Rating: Summary: Man, You People Are So Serious! Review: What's all the analysis about? Read it and either you like it or not. Some parts you like, some you might not. If you're not likin what you're readin then get rid of it. Get on with what you can read. This book is an excellent ride. Genuinely unique insight and well written.
Rating: Summary: Fear of Everything Review: I had heard so much about how this book was so 'liberating'. It is not at all. It is deeply conservative, if not reactionary. It finally admits that women cannot do without men, are helpless, disorganised, flighty (indeed) and generally useless unless some man with an appendage is telling them what to do. For all her evocations of women writers Isadora is the opposite of them. Is this meant to be her tragedy? Her fear? If so, it never comes across that way. She is too privileged, self-indulgent, whiny and obsessive for us to really care what happens to her. And yet it is funny and in some places deeply inspired. But Portnoy's Complaint was better written.
Rating: Summary: Kept me turning the pages.... Review: It was interesting and empowering because it echoed what goes through women's minds. Maybe we wouldn't have made the same choices that this woman did but it was refreshing to read a book where a woman made exotic choices, lived through them and became strengthened in the end.
This book is a worthwhile read for those who are interested in seeing a woman lose herself in order to find herself.

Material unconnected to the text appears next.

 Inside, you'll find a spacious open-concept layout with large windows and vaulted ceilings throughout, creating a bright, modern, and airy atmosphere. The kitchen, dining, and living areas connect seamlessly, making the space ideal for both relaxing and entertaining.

Rating: Summary: Powerful Novel Retains Its Place in History. Review: I get a little peeved when I read some reviews of this novel passing it off as some sort of salacious, "Peyton Place"-ish trifle meant to shock midwestern Americans. The truth is, over thirty years since its appearance, that the reviews Henry Miller and John Updike offered were no less than prophetic. The book is a genuine work of literary art and craft, frank but necessarily so in the same way "Lady Chatterley's Lover" was. Jong's style is compelling; her opinions, questions, and searches for her character's validations are no less valuable today. Perhaps a good portion of people were in a more open state of mind in the early seventies, more willing to experiment with lifestyle, substances, morality, even music and art. But are people today in less need of this kind of open consciousness? One only needs to examine the current political climate to see that we're heading for a revisionist version of McCarthyism. So perhaps the views expressed in "Fear of Flying" bear reexamination. This book has so many ways to praise it one hardly knows where to begin. But as a man too young to read it in 1973, I am profoundly grateful to Ms. Jong for the opportunity to read and grow with it now and, no doubt, many times in the future (seeing it back in print, I quickly purchased 3 copies to get me through several more planned readings in the coming years). This edition features the new 2002 afterword by the author, which is invaluable. Jong's perspective on the value of the book, its uncertain early history, publishing stats, and humbling effect on the lady herself add to the novel's resonance. This may be told from a much-needed woman's persepective, but I refuse to label it as "women's" or "feminine" lit. This towering work should not be so conveniently monikered. Its far too challenging, and important, for that. How about simply "classic"?